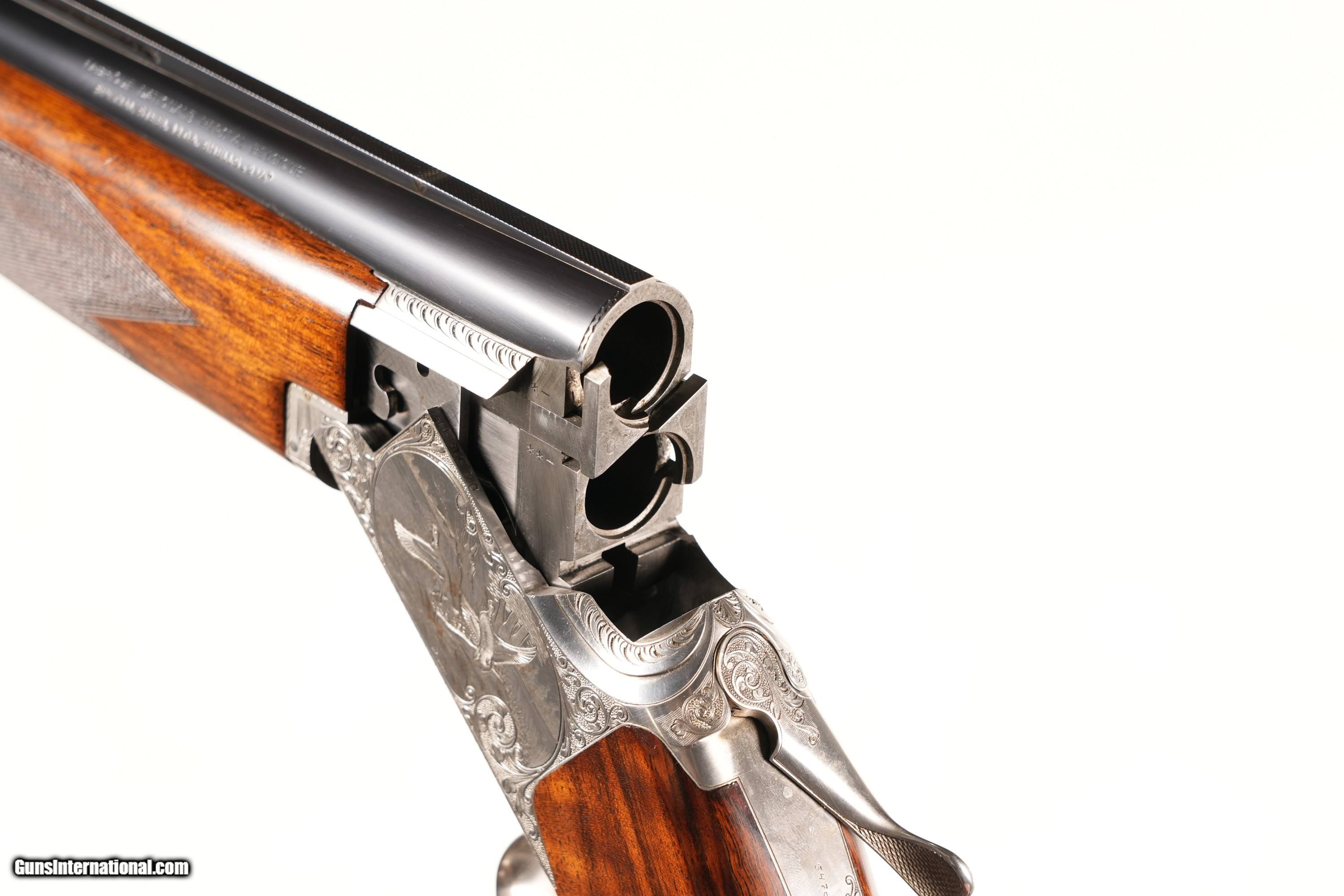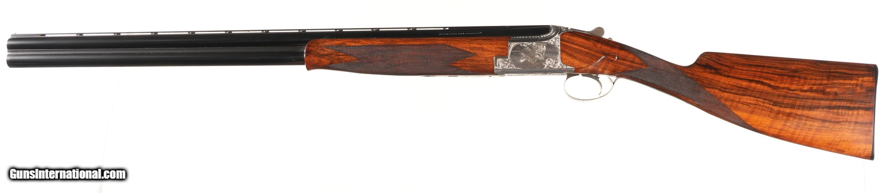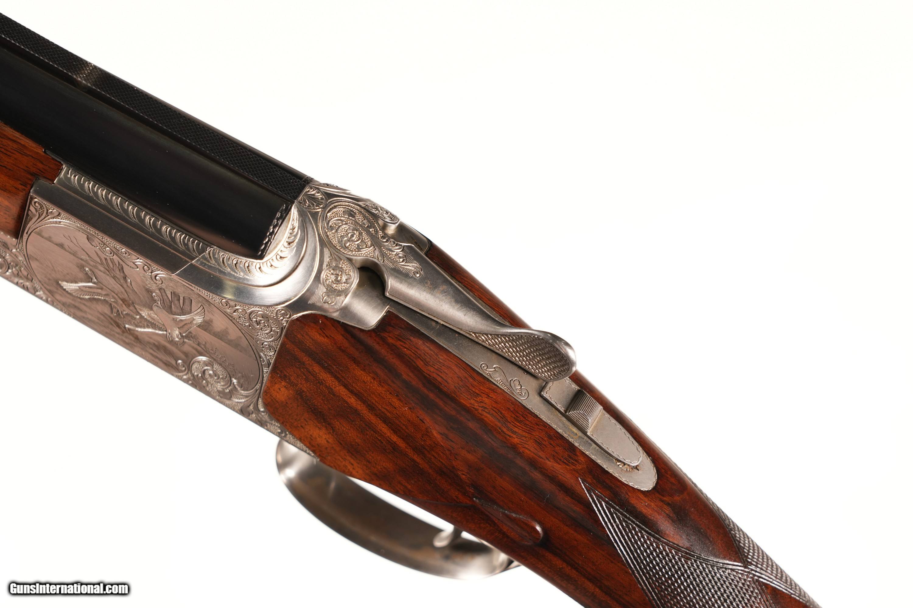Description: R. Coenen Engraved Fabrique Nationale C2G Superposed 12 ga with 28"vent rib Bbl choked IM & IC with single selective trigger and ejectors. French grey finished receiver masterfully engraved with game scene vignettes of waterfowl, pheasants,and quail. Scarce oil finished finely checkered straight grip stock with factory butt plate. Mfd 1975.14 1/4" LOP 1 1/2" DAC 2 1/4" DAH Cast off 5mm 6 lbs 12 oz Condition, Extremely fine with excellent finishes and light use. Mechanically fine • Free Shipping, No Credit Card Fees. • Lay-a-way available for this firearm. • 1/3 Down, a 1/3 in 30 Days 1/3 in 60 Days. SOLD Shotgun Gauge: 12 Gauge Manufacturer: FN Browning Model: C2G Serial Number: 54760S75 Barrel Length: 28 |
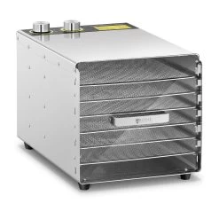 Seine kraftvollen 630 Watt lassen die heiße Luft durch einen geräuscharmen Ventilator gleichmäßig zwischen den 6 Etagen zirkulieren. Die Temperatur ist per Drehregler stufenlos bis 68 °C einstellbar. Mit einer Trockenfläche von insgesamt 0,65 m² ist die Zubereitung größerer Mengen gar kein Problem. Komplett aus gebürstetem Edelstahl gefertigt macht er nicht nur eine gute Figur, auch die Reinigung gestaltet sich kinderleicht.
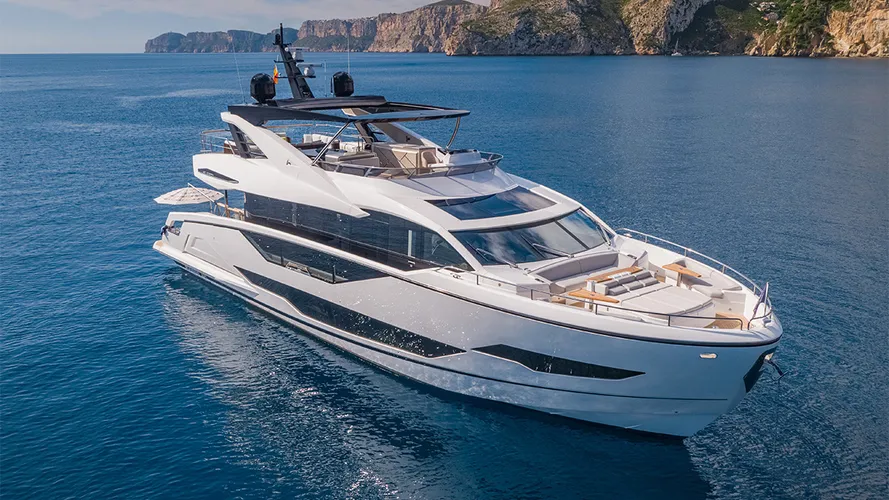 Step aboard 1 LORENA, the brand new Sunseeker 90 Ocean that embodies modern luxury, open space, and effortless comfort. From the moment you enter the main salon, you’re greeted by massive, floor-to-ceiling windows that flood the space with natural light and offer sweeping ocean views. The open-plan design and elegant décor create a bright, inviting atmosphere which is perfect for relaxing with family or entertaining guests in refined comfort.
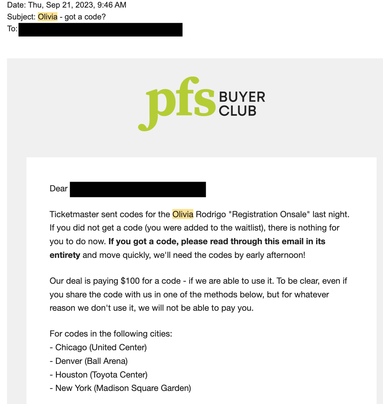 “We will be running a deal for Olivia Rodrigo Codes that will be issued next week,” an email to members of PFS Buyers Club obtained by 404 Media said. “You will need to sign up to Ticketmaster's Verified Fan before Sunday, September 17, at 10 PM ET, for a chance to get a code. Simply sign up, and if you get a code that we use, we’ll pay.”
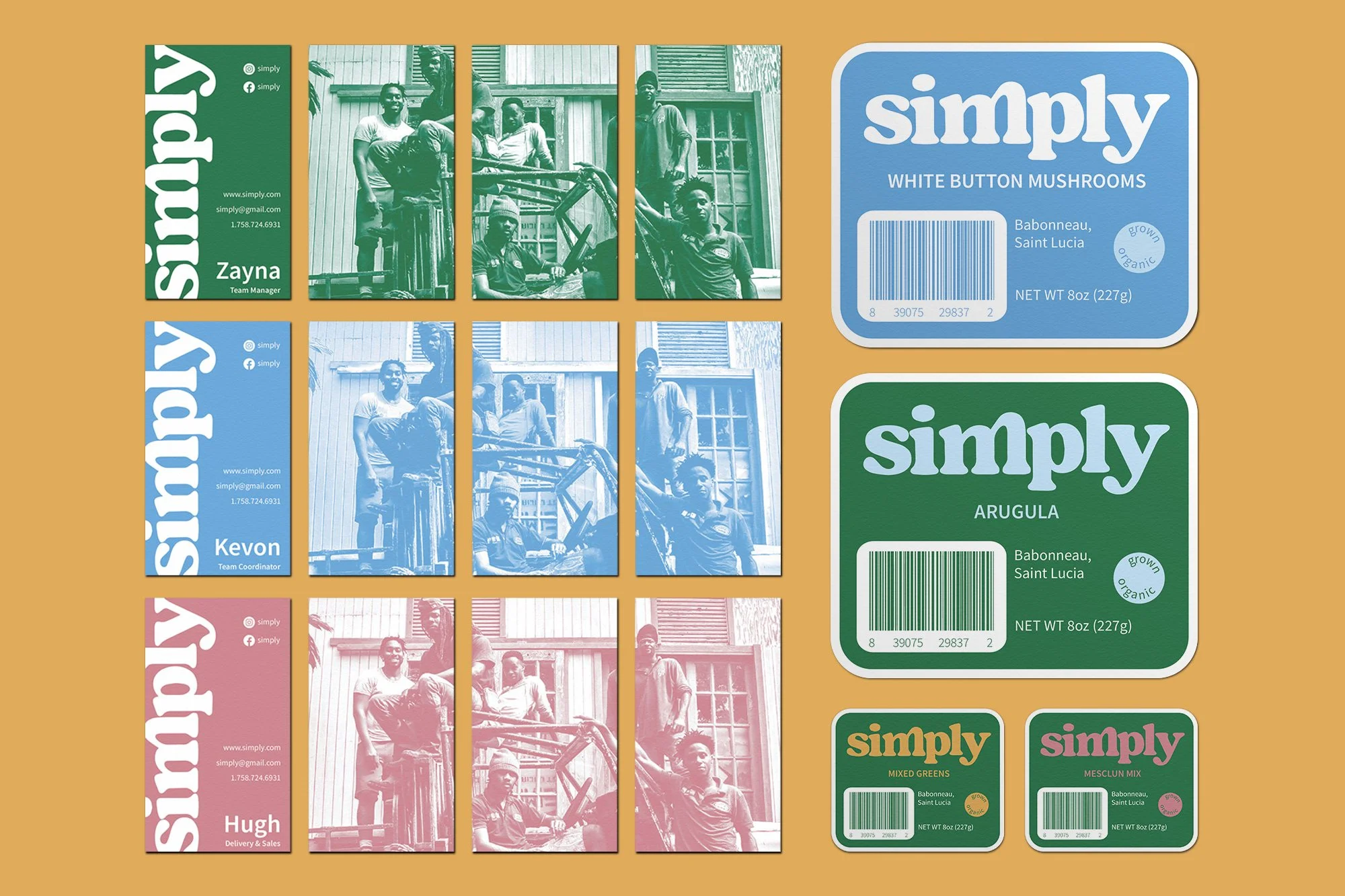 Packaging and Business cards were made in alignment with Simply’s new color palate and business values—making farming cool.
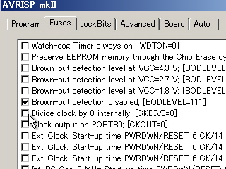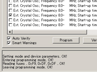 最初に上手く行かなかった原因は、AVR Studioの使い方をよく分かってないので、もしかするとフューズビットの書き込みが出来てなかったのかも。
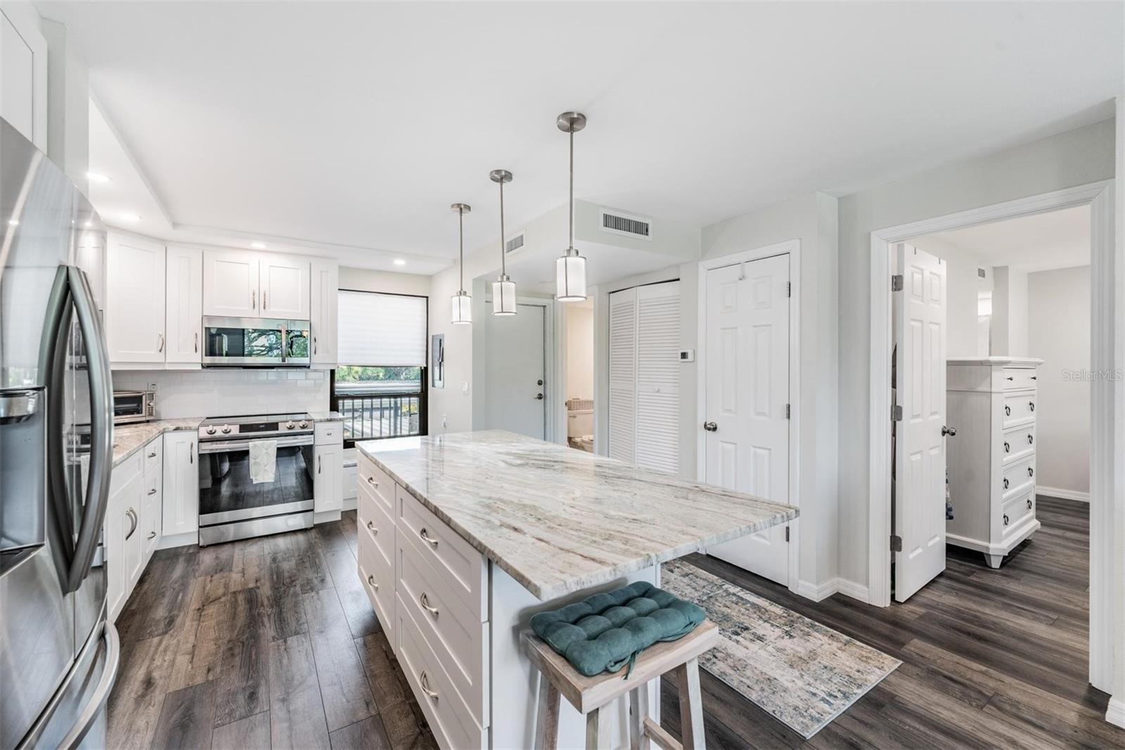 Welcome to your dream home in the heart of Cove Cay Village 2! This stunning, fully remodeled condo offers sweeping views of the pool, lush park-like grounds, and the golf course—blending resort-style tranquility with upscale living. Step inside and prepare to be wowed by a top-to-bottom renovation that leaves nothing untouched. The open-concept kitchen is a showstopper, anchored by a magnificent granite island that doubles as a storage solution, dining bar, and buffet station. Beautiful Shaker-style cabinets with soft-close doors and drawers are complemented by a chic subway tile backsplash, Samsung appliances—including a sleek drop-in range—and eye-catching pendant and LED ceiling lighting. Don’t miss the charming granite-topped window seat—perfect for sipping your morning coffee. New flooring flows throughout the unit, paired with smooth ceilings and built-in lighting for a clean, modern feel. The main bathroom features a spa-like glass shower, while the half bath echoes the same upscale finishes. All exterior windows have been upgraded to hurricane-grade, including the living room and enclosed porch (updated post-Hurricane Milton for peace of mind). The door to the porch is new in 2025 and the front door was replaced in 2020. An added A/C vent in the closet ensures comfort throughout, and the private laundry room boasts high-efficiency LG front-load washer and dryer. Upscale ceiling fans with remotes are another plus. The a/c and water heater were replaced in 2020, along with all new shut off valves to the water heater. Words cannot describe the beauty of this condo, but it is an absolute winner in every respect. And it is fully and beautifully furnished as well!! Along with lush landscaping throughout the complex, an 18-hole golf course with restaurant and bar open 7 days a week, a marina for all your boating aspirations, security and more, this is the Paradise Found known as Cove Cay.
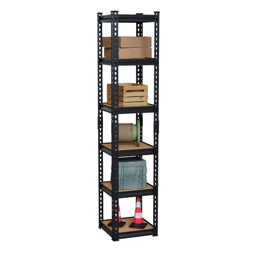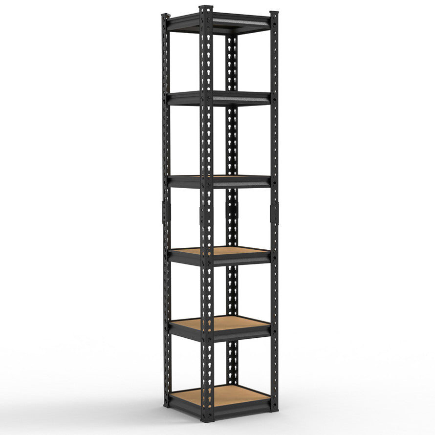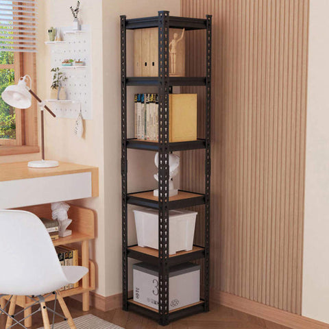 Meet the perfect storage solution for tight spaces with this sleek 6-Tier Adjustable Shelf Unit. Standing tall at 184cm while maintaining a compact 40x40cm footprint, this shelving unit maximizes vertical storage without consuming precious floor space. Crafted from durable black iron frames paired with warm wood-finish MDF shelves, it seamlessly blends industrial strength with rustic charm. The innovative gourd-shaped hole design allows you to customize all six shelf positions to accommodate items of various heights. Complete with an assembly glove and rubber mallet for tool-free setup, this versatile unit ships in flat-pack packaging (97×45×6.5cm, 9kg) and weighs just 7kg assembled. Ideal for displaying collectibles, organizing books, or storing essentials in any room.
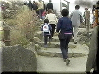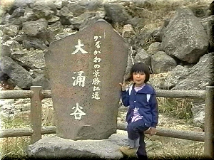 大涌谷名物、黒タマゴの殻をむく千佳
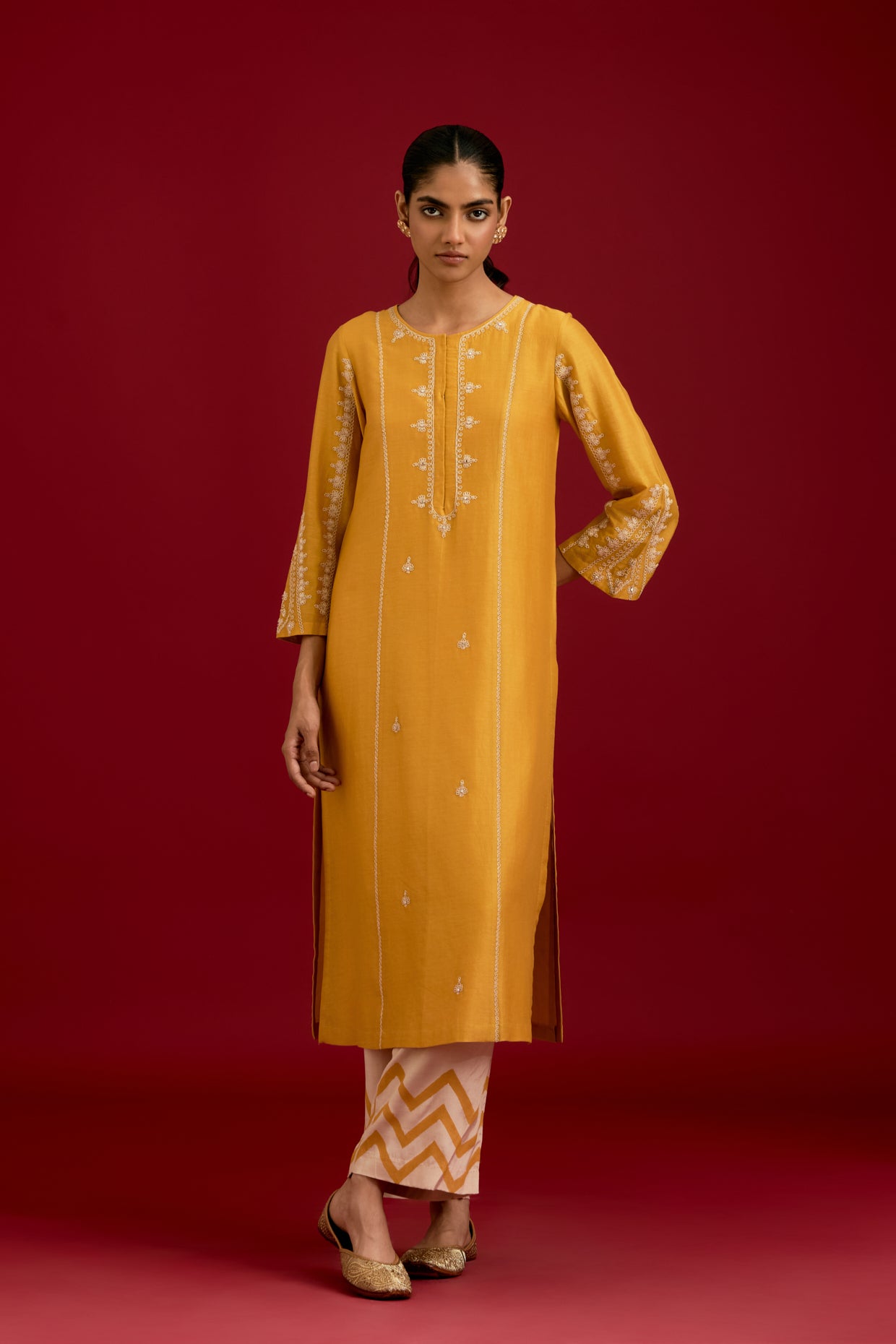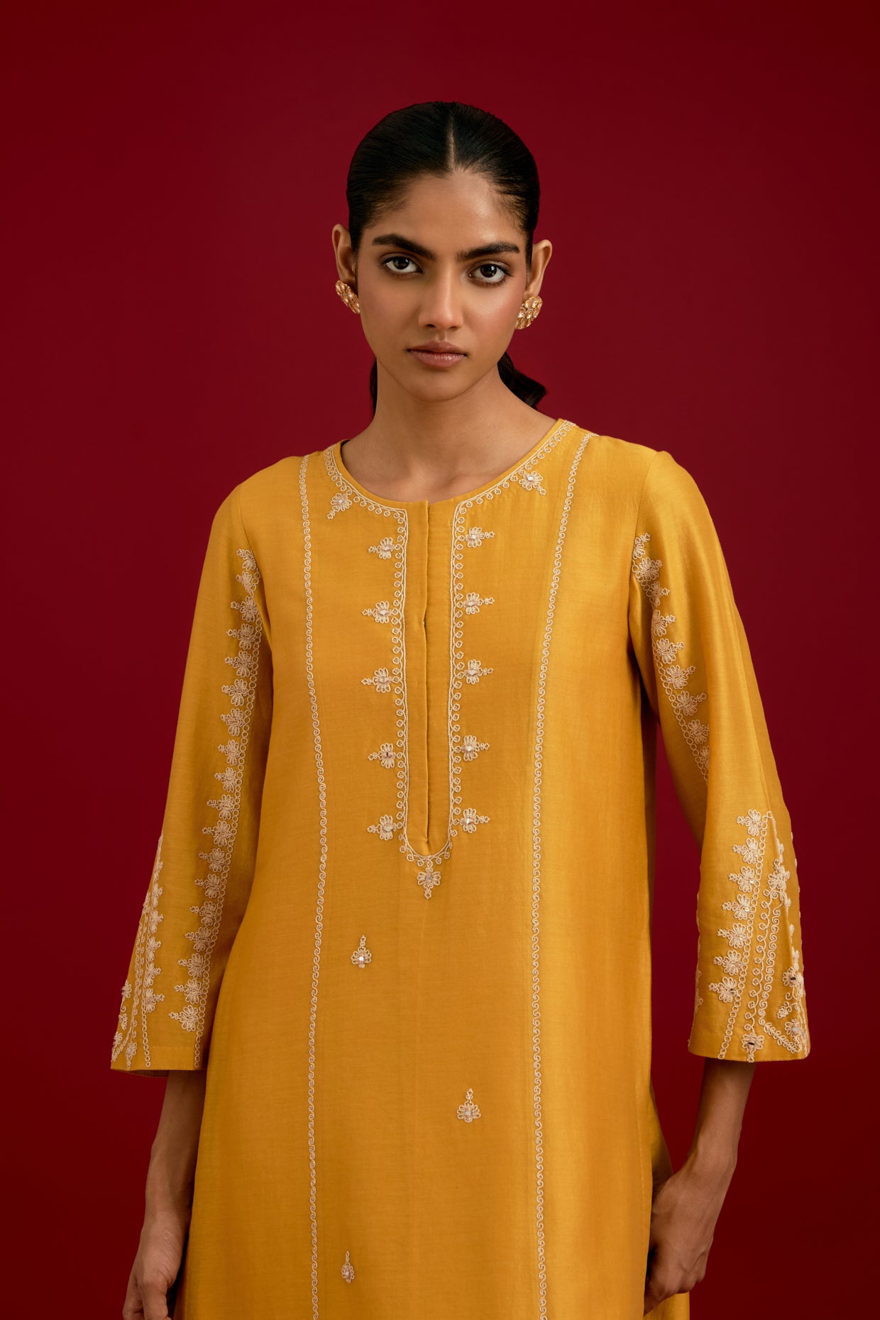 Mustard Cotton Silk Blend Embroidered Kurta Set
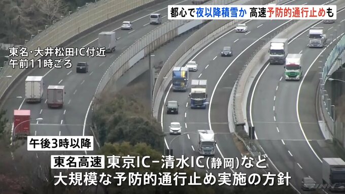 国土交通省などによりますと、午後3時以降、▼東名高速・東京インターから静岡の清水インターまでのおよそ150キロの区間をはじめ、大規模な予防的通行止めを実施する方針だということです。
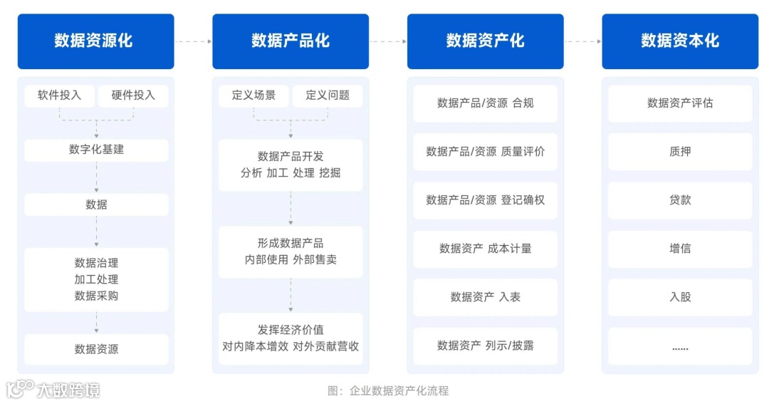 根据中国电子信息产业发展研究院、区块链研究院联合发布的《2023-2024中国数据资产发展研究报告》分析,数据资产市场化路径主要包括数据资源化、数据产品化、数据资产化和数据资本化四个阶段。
§
- **WHAT IS BEING ASKED**: Your answer should be the lines from the first record down to the line containing "Step aboard 1", restated exactly, with no pictures.

- **REPLY**:
Description: R. Coenen Engraved Fabrique Nationale C2G Superposed 12 ga with 28"vent rib Bbl choked IM & IC with single selective trigger and ejectors. French grey finished receiver masterfully engraved with game scene vignettes of waterfowl, pheasants,and quail. Scarce oil finished finely checkered straight grip stock with factory butt plate. Mfd 1975.14 1/4" LOP 1 1/2" DAC 2 1/4" DAH Cast off 5mm 6 lbs 12 oz Condition, Extremely fine with excellent finishes and light use. Mechanically fine • Free Shipping, No Credit Card Fees. • Lay-a-way available for this firearm. • 1/3 Down, a 1/3 in 30 Days 1/3 in 60 Days. SOLD Shotgun Gauge: 12 Gauge Manufacturer: FN Browning Model: C2G Serial Number: 54760S75 Barrel Length: 28 |
 Seine kraftvollen 630 Watt lassen die heiße Luft durch einen geräuscharmen Ventilator gleichmäßig zwischen den 6 Etagen zirkulieren. Die Temperatur ist per Drehregler stufenlos bis 68 °C einstellbar. Mit einer Trockenfläche von insgesamt 0,65 m² ist die Zubereitung größerer Mengen gar kein Problem. Komplett aus gebürstetem Edelstahl gefertigt macht er nicht nur eine gute Figur, auch die Reinigung gestaltet sich kinderleicht.
 Step aboard 1 LORENA, the brand new Sunseeker 90 Ocean that embodies modern luxury, open space, and effortless comfort. From the moment you enter the main salon, you’re greeted by massive, floor-to-ceiling windows that flood the space with natural light and offer sweeping ocean views. The open-plan design and elegant décor create a bright, inviting atmosphere which is perfect for relaxing with family or entertaining guests in refined comfort.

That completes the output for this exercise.